Trechos do romance Navios Iluminados (1937), de Ranulfo Prata, selecionados e narrados por Alessandro Atanes para a 10ª edição do Festival Tarrafa Literária, realizada em setembro de 2018 em Santos, em memória do autor.
O livro é o tema de minha dissertação de mestrado História e Literatura no Porto de Santos: o romance de identidade portuária “Navios Iluminados” (Faculdade de Filosofia, Letras e Ciências Humanas da Universidade de São Paulo, 2008).
Karl Marx cita o Hades da mitologia grega, onde a psique, a alma, vaga sem sopro, despida do conhecimento pela atuação da maquinofatura, o processo de sequestro do conhecimento do trabalho pela máquina. No romance de Ranulfo Prata, é o que ocorre na cena da mecanização, que abre o capítulo XII:
O [guindaste] “palmeira” botou toda a sua eletricidade, esticou o cabo possante e levantou a grab que lá se foi pelos ares, como uma aranha descomunal, em procura do porão do cargueiro inglês Amberton, que trazia carvão de Cardiff.

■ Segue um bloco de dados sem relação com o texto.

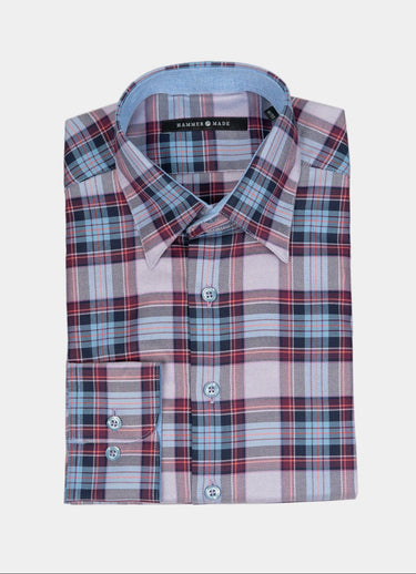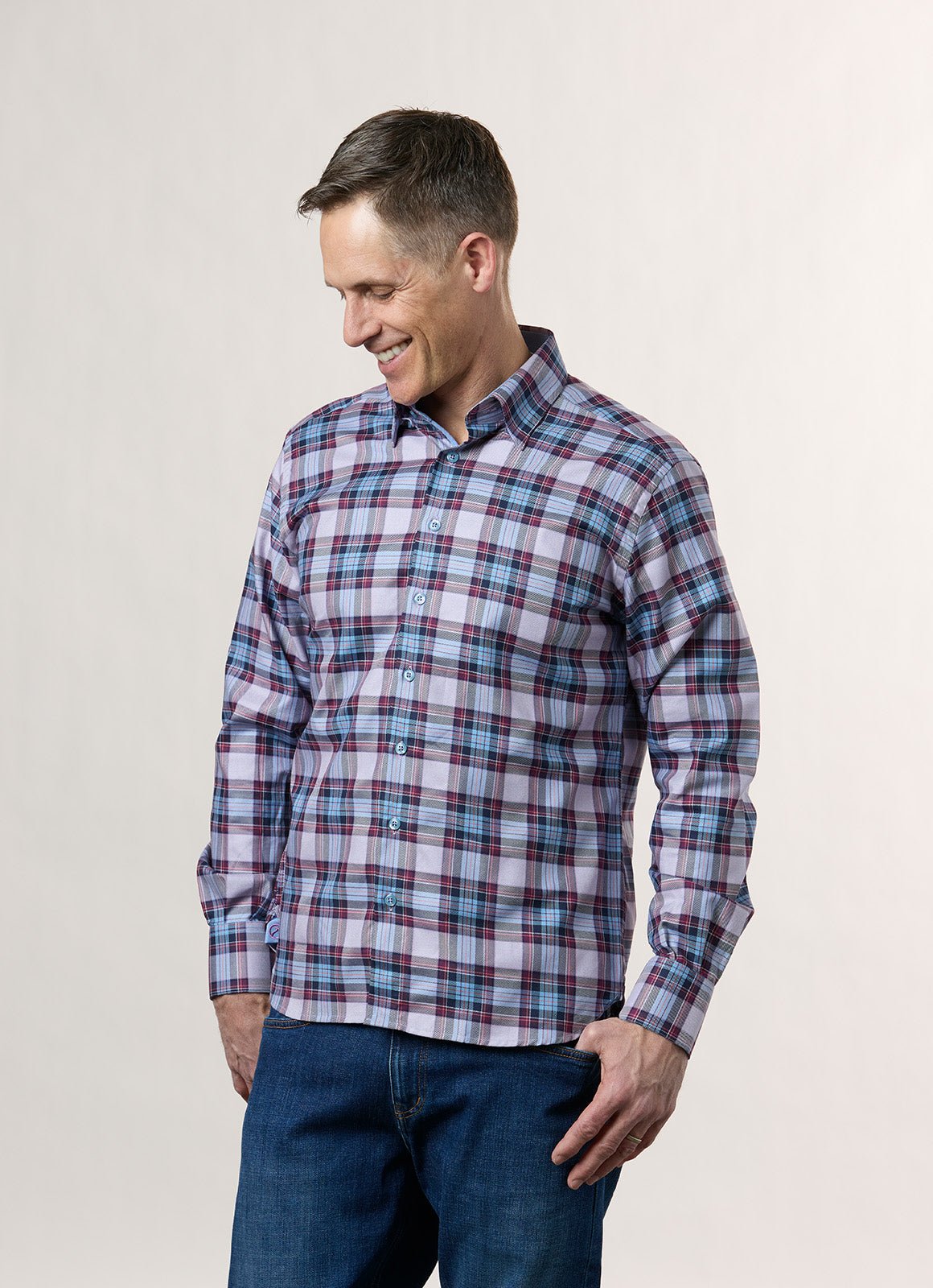 Introducing Townsend, the perfect addition to your wardrobe. This purple multi-colored plaid top features a spread collar highlighted with blue accents on the inside of the collar and cuffs. Elevate your style with Townsend's unique design and versatility.

O barco vinha de barriga cheia, a ímpar, a carga beijando a boca da escotilha. A máquina escancarou as mandíbulas medonhas, enterrou os dentes na massa negra e derramou na galera três toneladas de carvão de uma só vez. Chegara recentemente e eram as primeiras experiências que se faziam. O pessoal da turma 65 espiava, curioso, o manejo da bicha. E ante os seus olhos surpresos, o porão foi se esvaziando rapidamente. O demônio da máquina, sozinha, fazia o serviço de muitos homens, que ali estavam a olhá-la de braços cruzados e faces apalermadas.

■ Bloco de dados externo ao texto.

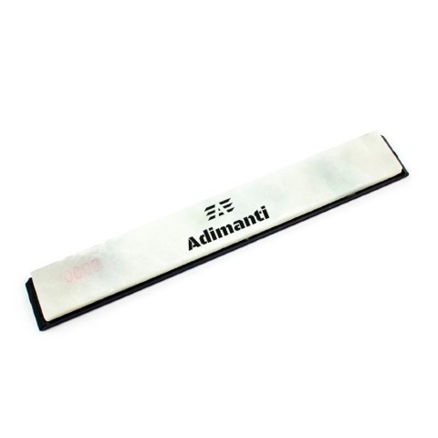 Камінь для заточування Аdimanti 8000 зроблений з натурального природного матеріалу, що вже говорить про його високу якість. Він щільний і гладкий, добре шліфує попередньо заточені інструменти. Точильні камені з великою гритностью використовуються як для роботи з ножами, так і для інших інструментів, ріжуча кромка яких вимагає бритвеної заточування. Завдяки тому, що лезо стає після шліфування максимально гладким, заточка тримається довше, ніж без цієї процедури. Аdimanti 8000 підходить для роботи зі сталлю високої твердості. Використовувати цей точильний камінь можна як в комплекті з ручними точильными верстатами, так і самостійно. Розміри каменю становлять 22х157 мм. Він розміщений на тонкому підставі з чорного пластику.

Como tudo corria bem, indo a experiência além da expectativa, [o feitor] Malhado veio despedir os trabalhadores. Podiam ir, serviço só na manhã seguinte. Que ficassem satisfeitos com o meio-dia. Os homens, porém, não se conformaram, nascendo entre eles um zunzum de abelhas irritadas, que foi aumentando com rapidez, até se transformar num protesto firma e peremptório.

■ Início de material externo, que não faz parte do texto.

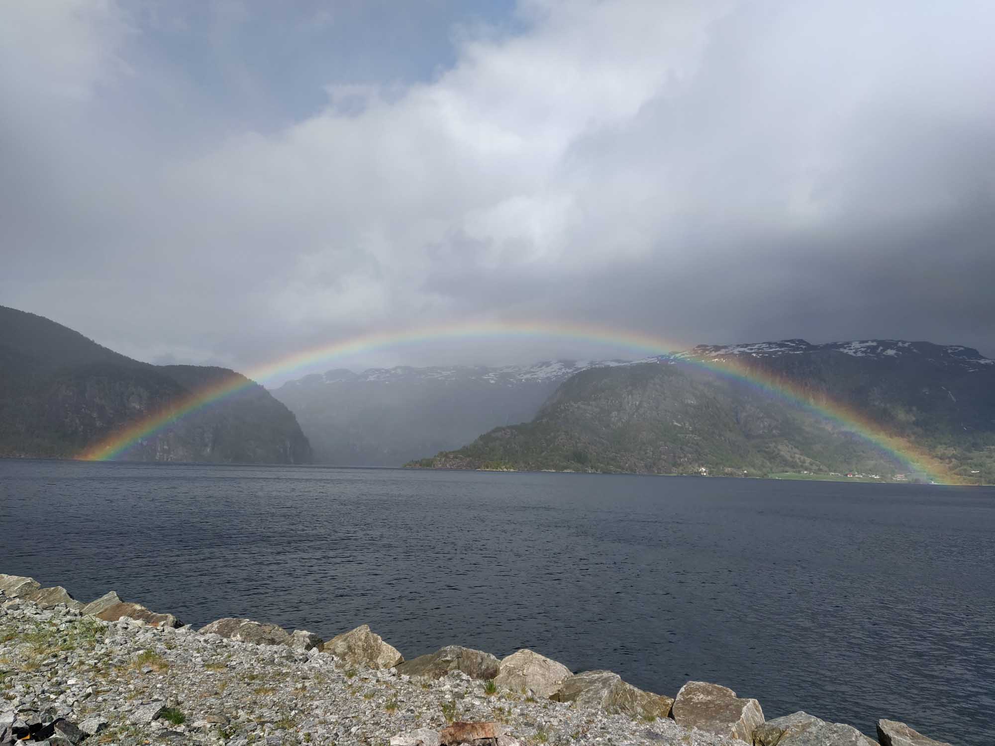 Zum richtig Weiterfahren hatten wir noch keine Lust. Aber ein wenig Abwechslung wollten wir auch. Also versuchten wir es noch einmal auf dem Platz am See. Diesmal stellten wir uns so ans Wasser, dass uns niemand stören würde und genossen die herrliche Aussicht auf den See mit den dahinterliegenden schneebedeckten Bergen. Auch wenn Norwegen vielleicht nicht unser Lieblingsland werden wird, aber irgendwie ist es manchmal auch richtig schön hier.

— Fora com a máquina, fora! Não pode, não pode! — gritavam.
Turmas de outros armazéns, largando o trabalho, correram para o 23, atraídas pelo tumulto que crescia cada vez mais. O guindaste parou e a grab ficou largada no chão do cais, inerte, como um dragão morto.
Seriam essas expressões da passagem acima — “mandíbulas medonhas”, ‘bicha”, “demônio da máquina”, “dragão morto” — metáforas animalescas para esse processo de maquinofatura? Elas expressam o horror da substituição do trabalho humano. Apesar de a cena terminar com a grab sendo inutilizada, o mecanismo com o tempo acaba adotado ao longo do cais.
Nessa releitura da obra de Ranulfo Prata, fica patente como a força animal é a metáfora principal para o trabalho, tanto dos homens como das máquinas.
A imagem de fundo do episódio é um detalhe da capa do Esquinas do Mundo: Ensaios sobre História e Literatura a partir do Porto de Santos (2013), em que avanço as pesquisas do mestrado. O autor da capa, Raphael Morone, num diálogo de ecos com a analogia de Marx, concebeu uma grab descendo sobre o espaço, prestes a engolir o sol — a vida — no horizonte.